Personal information
- Full name: Gary Robert Malarkey
- Born: 23 May 1953 (age 72) Armadale, Western Australia
- Original team(s): Trinity College, Perth
- Height: 185 cm (6 ft 1 in)
- Weight: 89 kg (196 lb)
- Position(s): Full back

Playing career^{1}
- Years: Club / Games (Goals)
- 1971–1976: East Perth / 101 (29)
- 1977–1986: Geelong / 172 0(0)
- 1987–1988: Geelong West

Representative team honours
- Years: Team / Games (Goals)
- 1973–1983: Western Australia / 8 (0)
- 1979–1981: Victoria / 2 (0)
- ^{1} Playing statistics correct to the end of 1988.

Career highlights
- East Perth WAFL premiership 1972; East Perth fairest and best 1973; All-Australian 1979 (State of Origin carnival); VFL Team of the Year 1983; Geelong FC life member (awarded 1983); WAFL Hall of Fame (inducted 2010);

= Gary Malarkey =

Australian rules footballer

Gary Robert Malarkey (born 23 May 1953) is a former Australian rules footballer, who represented East Perth (WAFL), Geelong (VFL/AFL), Geelong West (VFA), Western Australia, and Victoria.

A list of regular opponents that included Hudson, Quinlan, Templeton, Blight and Roach would daunt most defenders but for the hard working and dedicated Gary Malarkey it was all in a day's work.

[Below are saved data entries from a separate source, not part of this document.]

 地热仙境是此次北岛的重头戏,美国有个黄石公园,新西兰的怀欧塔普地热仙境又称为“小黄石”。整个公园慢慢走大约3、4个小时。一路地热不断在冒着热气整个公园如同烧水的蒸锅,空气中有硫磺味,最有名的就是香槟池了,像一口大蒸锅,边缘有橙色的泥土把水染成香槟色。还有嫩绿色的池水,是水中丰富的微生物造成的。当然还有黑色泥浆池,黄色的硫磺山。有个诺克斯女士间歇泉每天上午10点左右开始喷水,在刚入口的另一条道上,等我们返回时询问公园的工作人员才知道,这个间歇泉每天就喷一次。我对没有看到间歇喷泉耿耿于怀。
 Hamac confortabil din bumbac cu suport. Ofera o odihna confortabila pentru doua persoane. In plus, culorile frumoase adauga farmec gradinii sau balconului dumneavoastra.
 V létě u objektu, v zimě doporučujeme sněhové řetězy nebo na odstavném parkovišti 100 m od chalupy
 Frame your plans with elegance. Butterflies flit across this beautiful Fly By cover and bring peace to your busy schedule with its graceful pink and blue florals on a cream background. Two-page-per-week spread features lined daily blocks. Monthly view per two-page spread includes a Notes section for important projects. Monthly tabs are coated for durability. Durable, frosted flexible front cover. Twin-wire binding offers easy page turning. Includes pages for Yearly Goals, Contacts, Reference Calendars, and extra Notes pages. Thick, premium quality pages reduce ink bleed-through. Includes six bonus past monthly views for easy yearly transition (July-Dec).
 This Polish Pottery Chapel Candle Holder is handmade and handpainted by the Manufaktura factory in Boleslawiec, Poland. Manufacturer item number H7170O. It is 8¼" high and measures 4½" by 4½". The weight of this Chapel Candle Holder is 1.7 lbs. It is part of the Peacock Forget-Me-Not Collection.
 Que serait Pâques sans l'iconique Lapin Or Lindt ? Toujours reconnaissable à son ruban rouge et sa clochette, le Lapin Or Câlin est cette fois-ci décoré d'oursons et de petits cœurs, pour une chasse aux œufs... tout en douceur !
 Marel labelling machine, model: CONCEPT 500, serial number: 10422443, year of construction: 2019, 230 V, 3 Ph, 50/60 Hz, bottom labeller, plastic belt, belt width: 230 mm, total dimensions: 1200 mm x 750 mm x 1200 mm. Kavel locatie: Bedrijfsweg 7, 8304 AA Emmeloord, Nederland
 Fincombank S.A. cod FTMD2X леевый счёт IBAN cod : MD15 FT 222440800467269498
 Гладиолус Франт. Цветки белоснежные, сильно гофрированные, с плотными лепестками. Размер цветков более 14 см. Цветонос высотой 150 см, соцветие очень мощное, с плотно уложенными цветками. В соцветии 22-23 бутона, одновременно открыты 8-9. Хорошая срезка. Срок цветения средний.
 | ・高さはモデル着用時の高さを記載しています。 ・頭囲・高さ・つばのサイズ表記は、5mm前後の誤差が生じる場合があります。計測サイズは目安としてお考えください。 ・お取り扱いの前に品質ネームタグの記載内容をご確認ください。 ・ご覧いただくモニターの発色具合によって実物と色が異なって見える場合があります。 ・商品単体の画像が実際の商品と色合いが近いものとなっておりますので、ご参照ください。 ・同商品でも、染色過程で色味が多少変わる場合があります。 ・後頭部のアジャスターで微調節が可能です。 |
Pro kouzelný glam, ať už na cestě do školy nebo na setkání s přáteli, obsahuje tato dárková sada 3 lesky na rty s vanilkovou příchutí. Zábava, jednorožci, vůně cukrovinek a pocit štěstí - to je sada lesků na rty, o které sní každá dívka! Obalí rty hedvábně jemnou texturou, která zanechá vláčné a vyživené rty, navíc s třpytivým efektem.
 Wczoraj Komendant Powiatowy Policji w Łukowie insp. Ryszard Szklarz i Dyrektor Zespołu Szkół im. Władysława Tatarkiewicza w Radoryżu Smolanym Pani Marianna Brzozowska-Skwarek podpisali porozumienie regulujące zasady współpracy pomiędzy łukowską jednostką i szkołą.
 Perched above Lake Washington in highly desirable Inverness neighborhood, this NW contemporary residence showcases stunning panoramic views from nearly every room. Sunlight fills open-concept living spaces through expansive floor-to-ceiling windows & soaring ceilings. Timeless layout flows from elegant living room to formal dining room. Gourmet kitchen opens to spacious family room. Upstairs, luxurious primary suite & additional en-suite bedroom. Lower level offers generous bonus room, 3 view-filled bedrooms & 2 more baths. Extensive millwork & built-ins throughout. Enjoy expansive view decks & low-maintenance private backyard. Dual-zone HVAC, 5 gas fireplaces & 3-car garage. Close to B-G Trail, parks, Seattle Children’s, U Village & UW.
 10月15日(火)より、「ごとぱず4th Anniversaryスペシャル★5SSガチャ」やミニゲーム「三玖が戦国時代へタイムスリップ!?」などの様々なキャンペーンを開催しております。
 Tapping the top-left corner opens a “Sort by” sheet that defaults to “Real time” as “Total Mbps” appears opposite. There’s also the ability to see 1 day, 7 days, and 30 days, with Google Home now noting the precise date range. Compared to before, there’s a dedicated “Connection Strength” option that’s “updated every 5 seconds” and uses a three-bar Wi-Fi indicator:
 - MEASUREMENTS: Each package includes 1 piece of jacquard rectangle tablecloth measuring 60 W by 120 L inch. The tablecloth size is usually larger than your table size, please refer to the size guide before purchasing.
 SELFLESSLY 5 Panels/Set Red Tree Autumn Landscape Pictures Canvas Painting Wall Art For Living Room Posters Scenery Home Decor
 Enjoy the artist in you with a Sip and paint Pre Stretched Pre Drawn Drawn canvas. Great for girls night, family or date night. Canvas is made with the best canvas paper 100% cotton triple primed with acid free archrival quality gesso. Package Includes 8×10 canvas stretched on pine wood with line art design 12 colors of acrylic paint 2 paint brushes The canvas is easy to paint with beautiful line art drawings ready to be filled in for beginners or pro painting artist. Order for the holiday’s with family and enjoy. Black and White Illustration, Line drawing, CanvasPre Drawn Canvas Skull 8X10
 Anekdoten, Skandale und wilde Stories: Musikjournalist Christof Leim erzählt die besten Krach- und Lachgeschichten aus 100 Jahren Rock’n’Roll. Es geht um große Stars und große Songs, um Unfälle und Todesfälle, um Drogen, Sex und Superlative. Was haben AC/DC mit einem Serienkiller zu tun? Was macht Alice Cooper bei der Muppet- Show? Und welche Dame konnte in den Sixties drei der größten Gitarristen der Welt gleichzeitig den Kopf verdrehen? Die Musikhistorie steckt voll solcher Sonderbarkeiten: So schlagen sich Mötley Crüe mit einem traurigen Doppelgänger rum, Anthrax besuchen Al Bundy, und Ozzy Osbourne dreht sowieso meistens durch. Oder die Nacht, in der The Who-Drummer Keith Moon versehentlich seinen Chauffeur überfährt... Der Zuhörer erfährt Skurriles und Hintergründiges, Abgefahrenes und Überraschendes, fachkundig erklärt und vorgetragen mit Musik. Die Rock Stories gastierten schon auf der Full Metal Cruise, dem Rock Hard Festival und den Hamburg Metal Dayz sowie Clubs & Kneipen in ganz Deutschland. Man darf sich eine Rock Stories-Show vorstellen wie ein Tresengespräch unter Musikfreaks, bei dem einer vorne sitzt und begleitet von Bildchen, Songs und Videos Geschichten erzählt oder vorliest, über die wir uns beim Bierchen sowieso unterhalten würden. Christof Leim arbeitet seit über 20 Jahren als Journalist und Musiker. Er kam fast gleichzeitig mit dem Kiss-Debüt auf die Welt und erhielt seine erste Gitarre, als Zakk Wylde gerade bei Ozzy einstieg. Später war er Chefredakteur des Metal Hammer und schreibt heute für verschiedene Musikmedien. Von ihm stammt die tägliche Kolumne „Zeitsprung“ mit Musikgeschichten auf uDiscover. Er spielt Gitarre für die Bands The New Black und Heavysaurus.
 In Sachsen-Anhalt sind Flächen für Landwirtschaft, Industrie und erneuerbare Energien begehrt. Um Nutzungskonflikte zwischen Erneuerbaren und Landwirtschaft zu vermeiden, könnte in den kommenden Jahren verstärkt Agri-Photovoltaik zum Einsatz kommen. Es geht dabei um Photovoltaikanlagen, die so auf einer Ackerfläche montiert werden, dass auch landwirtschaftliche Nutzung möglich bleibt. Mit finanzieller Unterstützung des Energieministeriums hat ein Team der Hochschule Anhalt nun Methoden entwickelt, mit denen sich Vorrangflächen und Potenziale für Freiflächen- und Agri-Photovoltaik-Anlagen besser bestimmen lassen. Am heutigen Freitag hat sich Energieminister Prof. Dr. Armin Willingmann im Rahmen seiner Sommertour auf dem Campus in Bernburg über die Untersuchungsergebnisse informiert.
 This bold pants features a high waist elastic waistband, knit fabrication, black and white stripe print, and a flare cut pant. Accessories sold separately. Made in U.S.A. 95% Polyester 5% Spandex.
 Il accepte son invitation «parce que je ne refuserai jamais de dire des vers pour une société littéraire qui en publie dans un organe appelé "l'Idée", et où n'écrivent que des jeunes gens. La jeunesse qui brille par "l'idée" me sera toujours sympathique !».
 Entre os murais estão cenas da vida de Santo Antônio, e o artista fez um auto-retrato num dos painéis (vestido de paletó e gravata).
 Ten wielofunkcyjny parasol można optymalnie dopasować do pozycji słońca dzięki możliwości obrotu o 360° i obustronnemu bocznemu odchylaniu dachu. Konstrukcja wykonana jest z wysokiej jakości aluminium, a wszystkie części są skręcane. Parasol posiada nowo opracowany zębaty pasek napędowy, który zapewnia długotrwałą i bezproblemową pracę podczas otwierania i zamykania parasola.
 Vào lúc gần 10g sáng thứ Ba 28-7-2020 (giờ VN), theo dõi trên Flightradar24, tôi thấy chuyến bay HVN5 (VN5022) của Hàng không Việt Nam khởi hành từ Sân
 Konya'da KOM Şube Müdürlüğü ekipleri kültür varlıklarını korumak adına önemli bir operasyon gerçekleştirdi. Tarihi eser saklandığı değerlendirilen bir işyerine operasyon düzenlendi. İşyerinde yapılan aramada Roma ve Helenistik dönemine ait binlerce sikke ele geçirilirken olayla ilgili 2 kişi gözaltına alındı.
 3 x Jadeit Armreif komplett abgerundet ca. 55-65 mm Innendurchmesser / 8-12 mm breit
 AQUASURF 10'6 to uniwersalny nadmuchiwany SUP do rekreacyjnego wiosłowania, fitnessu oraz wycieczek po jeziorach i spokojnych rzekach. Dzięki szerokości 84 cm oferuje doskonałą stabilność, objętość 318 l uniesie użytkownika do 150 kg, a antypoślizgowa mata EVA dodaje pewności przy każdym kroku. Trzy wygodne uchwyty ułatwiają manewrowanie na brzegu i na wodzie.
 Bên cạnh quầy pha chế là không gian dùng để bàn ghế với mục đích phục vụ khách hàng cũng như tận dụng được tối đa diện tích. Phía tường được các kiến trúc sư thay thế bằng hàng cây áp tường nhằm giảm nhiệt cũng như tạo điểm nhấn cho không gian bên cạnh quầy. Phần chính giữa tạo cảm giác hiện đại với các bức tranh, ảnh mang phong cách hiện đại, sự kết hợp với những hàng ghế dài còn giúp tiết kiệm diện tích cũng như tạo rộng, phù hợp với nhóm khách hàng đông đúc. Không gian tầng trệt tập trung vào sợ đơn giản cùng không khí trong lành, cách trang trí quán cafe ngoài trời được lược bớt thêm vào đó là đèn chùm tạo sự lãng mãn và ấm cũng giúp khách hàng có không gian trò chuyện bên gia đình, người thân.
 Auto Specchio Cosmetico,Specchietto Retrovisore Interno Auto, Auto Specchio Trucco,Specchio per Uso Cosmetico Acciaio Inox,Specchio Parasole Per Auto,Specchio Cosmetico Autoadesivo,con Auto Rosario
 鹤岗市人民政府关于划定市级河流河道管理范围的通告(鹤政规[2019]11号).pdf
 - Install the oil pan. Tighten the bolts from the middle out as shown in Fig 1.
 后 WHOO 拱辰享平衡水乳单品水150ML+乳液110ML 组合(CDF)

An All Australian and a Victorian as well as West Australian representative prior to state of origin football, Malarkey was recognised as the most effective full back of his era.

==East Perth==
Malarkey was born at Armadale, but learnt the Australian game at Trinity College and joined East Perth at the age of 18. Although he debuted on a half forward flank in the second game of 1971, he could only notch 2 senior games that year. Tried in defence the following year, he quickly demonstrated his outstanding potential by appearing in all 23 games and lined up at full back in the Royals 1972 premiership team.

Although not tall for a key defender (185 cm) Malarkey was extremely strong and he showed an early propensity for close checking defence, revelling in tough man on man duels. He had excellent anticipation and good pace over the first 20 metres as well as being a strong mark and superb kick, often challenging the centre circle with his punts from the full back line. In his second full season (1973) Malarkey captured East Perth's fairest and best trophy and represented WA against South Australia. He was signed by Geelong but East Perth imposed a minimum service requirement of 100 league games before a clearance would be granted. He thus stayed for a further 3 years before finally crossing to the Cats in 1977.

==Geelong==
At Geelong, Gary Malarkey was an immediate and outstanding success in his customary full back position and represented Victoria. He was widely recognised as the finest full back in Australia over the following 10 seasons and was remarkably consistent in one of the toughest roles in Victorian football. In 1983, the Geelong and now AFL historian Col Hutchinson said of Malarkey in his book Cats Tales that he was "one of Geelong's most effective full backs and probably the strongest defender to ever represent the team. His great concentration, solid marking, effective spoiling tactics, courage, pace and superb kicking resulted in nightmares for opposing forwards. Few players have emulated his consistency."

Gary Malarkey was a regular WA state of origin representative whilst at Geelong and gained all Australian selection after the 1979 State of Origin carnival. He was named in the VFL Team of the Year in 1983 and he was also runner up in Geelong's fairest and best award that season. When he decided, at this point, to return home to Perth to finish his career, Geelong. in a measure of their appreciation, granted him life membership despite his 143 games being 7 games short of the qualifying tally. Unfortunately no agreement could be reached with East Perth, or any other WAFL club and Malarkey returned to Geelong. He quickly forced his way back into the side but a shoulder reconstruction two years later brought an unfortunate end to a long and distinguished senior career. He had played 283 senior games but later had a final playing stint at the Geelong West club in the Victorian Football Association and he was the last coach of that club in 1988.

Gary wore the Cats famous number 5 guernsey previously worn by another legendary Western Australian, Graham "Polly" Farmer, but after Gary's premature retirement during the 1984 pre-season the number 5 had been allocated to Gary Ablett. After a reshuffle of numbers Malarkey was allocated the number 6 guernsey previously worn by Rod Waddell, which he wore until his retirement in 1986.

==After football==
Gary Malarkey later returned to WA and is now a distinguished member of the staff at the school that gave him his start in football – Trinity College. His students may well gain inspiration from the knowledge that years of perseverance, hard work and dedication by their master have been rewarded with well deserved induction into the WA Football Hall of Fame. Along with Karrene Mclernon, he runs the Indigenous program at Trinity College.